Viele Akademiker*innen melden sich arbeitssuchend, bevor ihr Bachelor- oder Masterzeugnis

überhaupt im Briefkasten liegt. Die Bundesagentur für Arbeit berichtet von einem Hoch der Akademikerarbeitslosigkeit in 2025, mit einem Höchststand von 335.000 Arbeitslosen mit (oder trotz) Hochschulabschluss. Die Analyse von Stepstone erklärt den Frust: Hochschulabsolvent*innen werden tendenziell öfter geghostet – obwohl sie mehr Zeit in die Bewerbungsverfahren investieren, als Absolvent*innen einer Berufsausbildung es tun. Die berufsspezifischen Arbeitslosenquoten steigen laut der Arbeitsagentur besonders in den Naturwissenschaften, im Marketing und in der Mediengestaltung.


Liegt die Hoffnung im Handwerk?

Hätte, hätte, Fahrradkette: Eine Ausbildung zur Mechatroniker*in oder Zweiradmonteur*in hätte

zumindest verhindert, dass die immer rausspringt. Ja, es stimmt: Absolvent*innen einer Berufsausbildung haben es auf dem Arbeitsmarkt aktuell leichter. Stepstone verzeichnet einen klaren Zuwachs an offenen Stellen im Handwerk und das Institut für Arbeitsmarkt- und Berufsforschung berichtet, dass die Übernahmequoten für Absolvent*innen in Ausbildungsberufen steigen.


Ein fester Job gleich nach der Abschlussprüfung? Davon können Akademiker*innen nur träumen.

Also ja: Wenn die wirtschaftlichen Entwicklungen auf dem Arbeitsmarkt voraussehbar gewesen wären, hätten sich bestimmt viele Hochschulabsolvent*innen gegen ein Studium und für eine Ausbildung entschieden. Aber auch nicht jeder Ausbildungsberuf ist automatisch vor der Wirtschaftskrise sicher. In der IT gehen ebenfalls die offenen Stellen zurück. Das betrifft sowohl Expert*innen mit Hochschulabschluss, als auch Fachkräfte, die zuvor eine Ausbildung gemacht haben. Wirkliche Sicherheit bietet das Handwerk wohl nur, wenn es darum geht, Wände zu streichen oder Kinder zu betreuen.


Auch, wenn eine Festanstellung nett wäre, würde etwas Mitgefühl erstmal reichen

Die aktuelle wirtschaftliche Situation ist nicht mit der Zeit vergleichbar, in der die Boomer- und Millenial-Generation ihren ersten Arbeitsvertrag unterschrieben hat. Die Legende von der ausgedruckten Bewerbung unterm Arm, die mit einem feuchten Händedruck gleich an den Chef übergeben und durch den erlösenden Satz “Fang’ Montag an!” belohnt wurde, dröhnt vielen arbeitslosen Studienabsolvent*innen in den Ohren, während sie bei Indeed den Radius um ihre Heimatstadt erhöhen, um dann verzweifelt auf “aktualisieren” zu klicken.

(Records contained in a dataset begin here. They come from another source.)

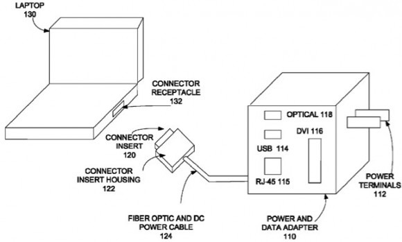 Apple doesn't suggest that the fiber optic technology it has in mind is actually Light Peak, but the company is known to be working with Intel on the new system. The idea to combine a fiber optic link with power would allow for a broader range of ports on a multi-function AC adapter, as in Apple's illustration above, as well as taking advantage of the easily-detached magnetic port.
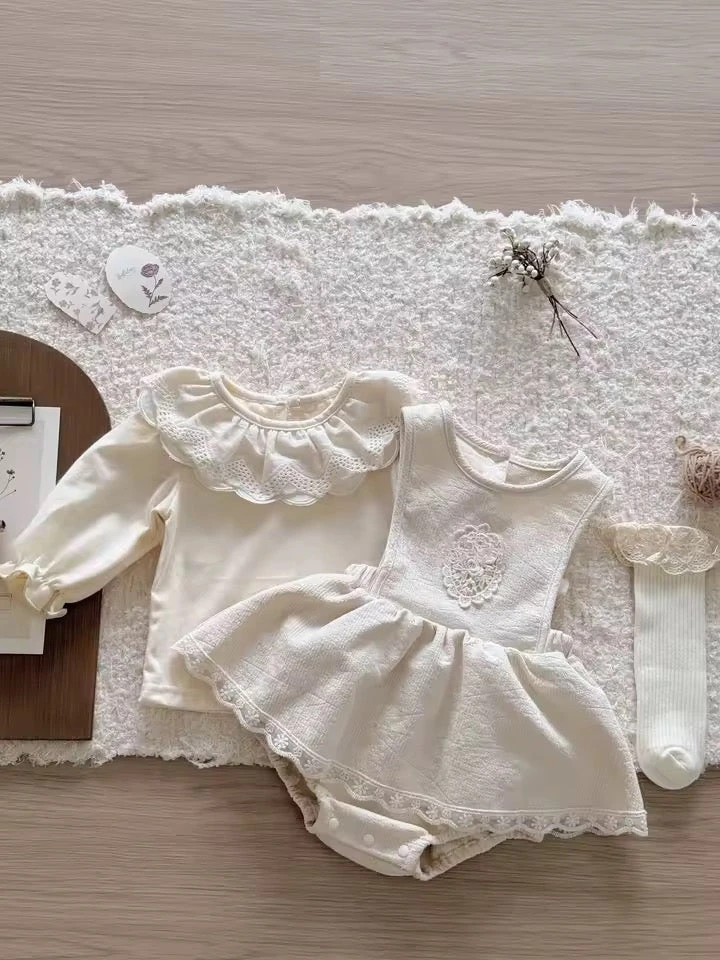 The Bellunor 2-Piece Set (Ruffled Top + Lace-Detail Dress) is a sweet and versatile outfit set designed for baby girls from everyday outings to special photo moments. Featuring a soft ruffled top paired with a matching lace-detail dress, this set offers a charming dressed-up look while staying comfortable for little ones to move around in. Lightweight and easy to layer, it is especially suitable for warmer seasons and transitional weather.
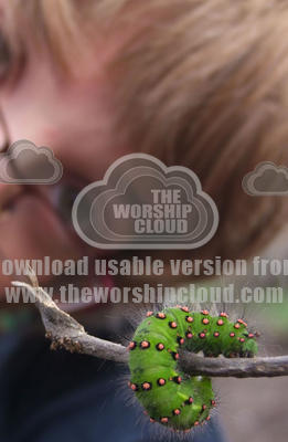 boy marvelling at caterpillar
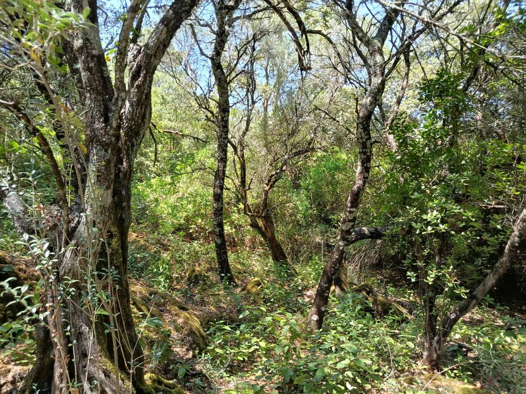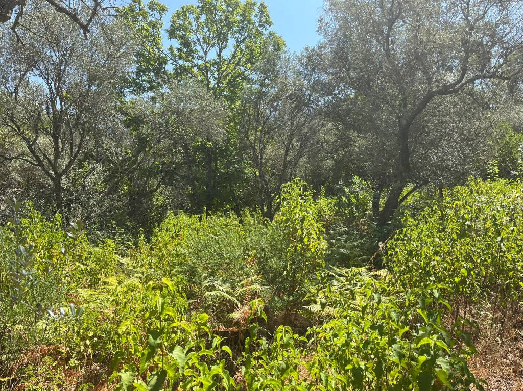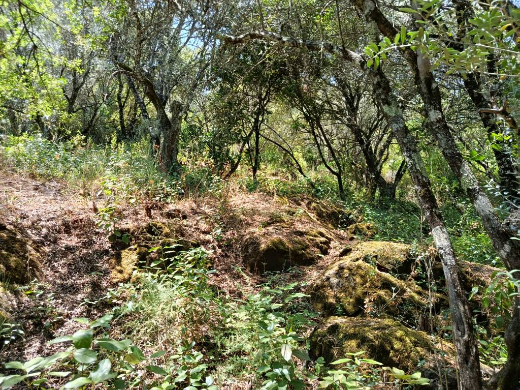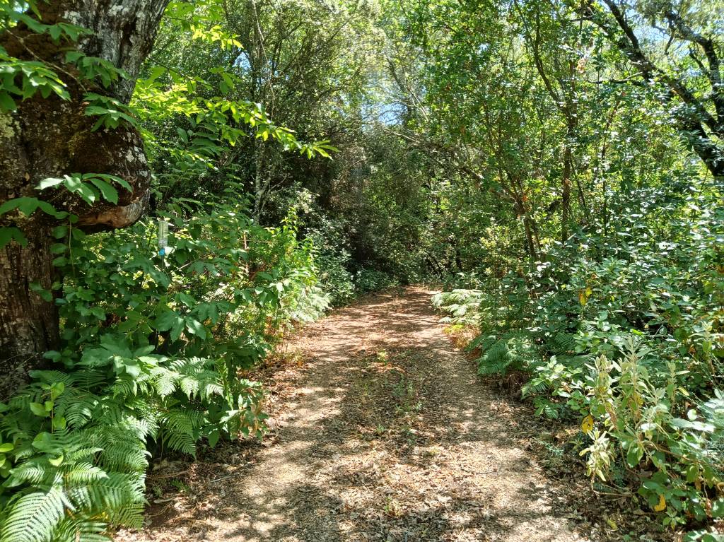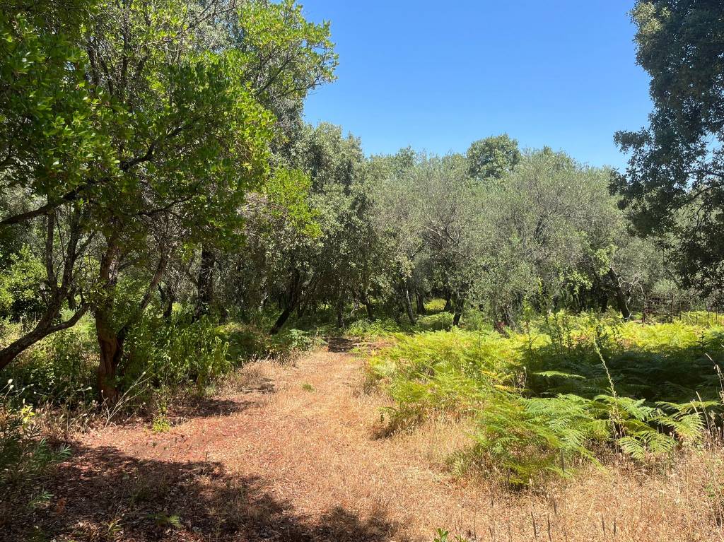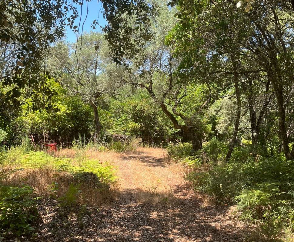 La finca ofrece una mezcla única de paisajes: sombra natural de castaños, encinas y alcornoques, senderos, fauna autóctona y un microclima ideal para huertos ecológicos.

Selten gibt es eine individuelle Lösung für ein strukturelles Problem. So wie es einer Verzweiflungstat gleicht, Firmen ohne offene Inserate eine KI-optimierte Initiativbewerbung zukommen zu lassen, wäre es unsinnig, Jahre voller Praktika und Credit Points hinter sich zu lassen, um am ersten August eine Ausbildung zur Elektriker*in anzufangen. Durch die Anerkennung der Elterngeneration wird das Problem nicht verschwinden. Aber zumindest würden sich die Kinder dann wieder trauen, es am Essenstisch anzusprechen.


Anika Bentley hat Kommunikations- und Medienwissenschaften in Bremen und Berlin studiert und schreibt aktuell bei einem Nachrichtenportal für junge Menschen über gesellschaftsnahe Diskurse, Gesundheits- und Verbraucherthemen sowie Trends aus dem Internet.